Using the iterator xrange(n)
achieves the same result without materializing the list. Instead, elements are generated on the fly.
To materialize the list of values returned by an iterator we will use the list comprehension command:
[a for a in <iterator>]
rdd = sc.parallelize([(1,2), (2,4), (2,6)])
print "Original RDD :", rdd.collect()
print "After transformation : ", rdd.groupByKey().mapValues(lambda x:[a for a in x]).collect()
Original RDD : [(1, 2), (2, 4), (2, 6)] After transformation : [(1, [2]), (2, [4, 6])]
func
is a function that takes as input a single value and returns an itrator that generates a sequence of values.

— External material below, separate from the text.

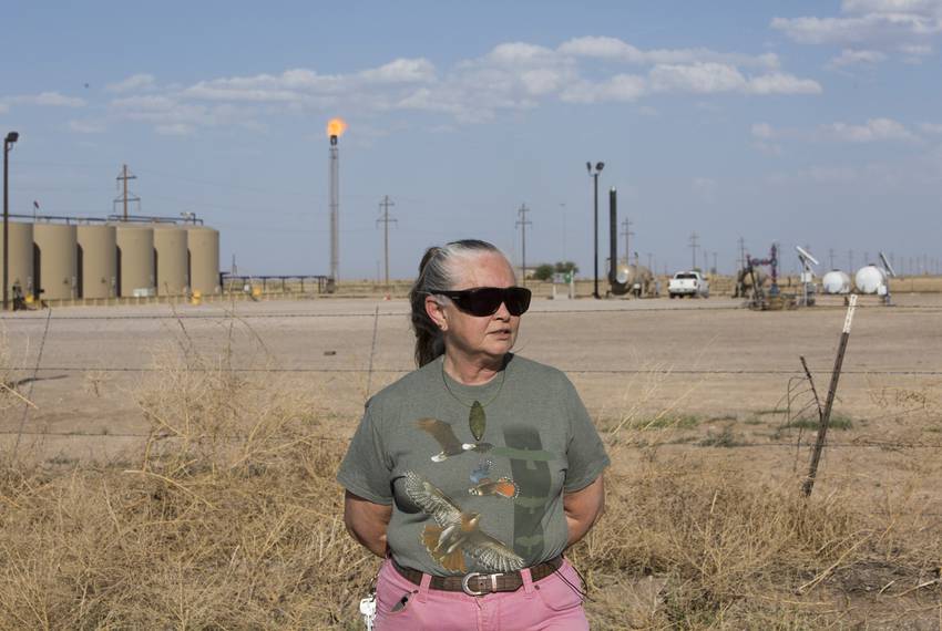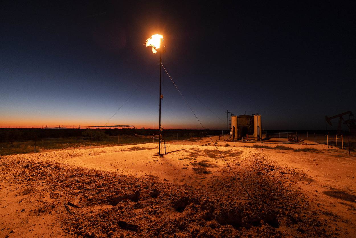 Sites flaring natural gas — a fossil fuel hitchhiker that comes up with the oil here — are everywhere in the region. The endless flicker of small, yellow flames pumping out greenhouse gases alarms Wilson as she roams the Permian. “I can’t even stress what a huge emergency it is out there,” she said. “This impacts everyone on the planet.”

The application of flatMapValues operates on a key/value RDD. It applies func
to each value, and gets an list (generated by the iterator) of values. It then combines each of the values with the original key to produce a list of key-value pairs. These lists are concatenated as in flatMap
rdd = sc.parallelize([(1,2), (2,4), (2,6)])
print "Original RDD :", rdd.collect()
# the lambda function generates for each number i, an iterator that produces i,i+1
print "After transformation : ", rdd.flatMapValues(lambda x: xrange(x,x+2)).collect()
Original RDD : [(1, 2), (2, 4), (2, 6)] After transformation : [(1, 2), (1, 3), (2, 4), (2, 5), (2, 6), (2, 7)]
rdd1 = sc.parallelize([(1,2),(2,1),(2,2)])
rdd2 = sc.parallelize([(2,5),(3,1)])
a = rdd1.collect()
b = rdd2.collect()
print a,b
[(1, 2), (2, 1), (2, 2)] [(2, 5), (3, 1)]
Remove from RDD1 all elements whose key is present in RDD2.
print "RDD1:", a
print "RDD2:", b
print "Result:", rdd1.subtractByKey(rdd2).collect()
RDD1: [(1, 2), (2, 1), (2, 2)] RDD2: [(2, 5), (3, 1)] Result: [(1, 2)]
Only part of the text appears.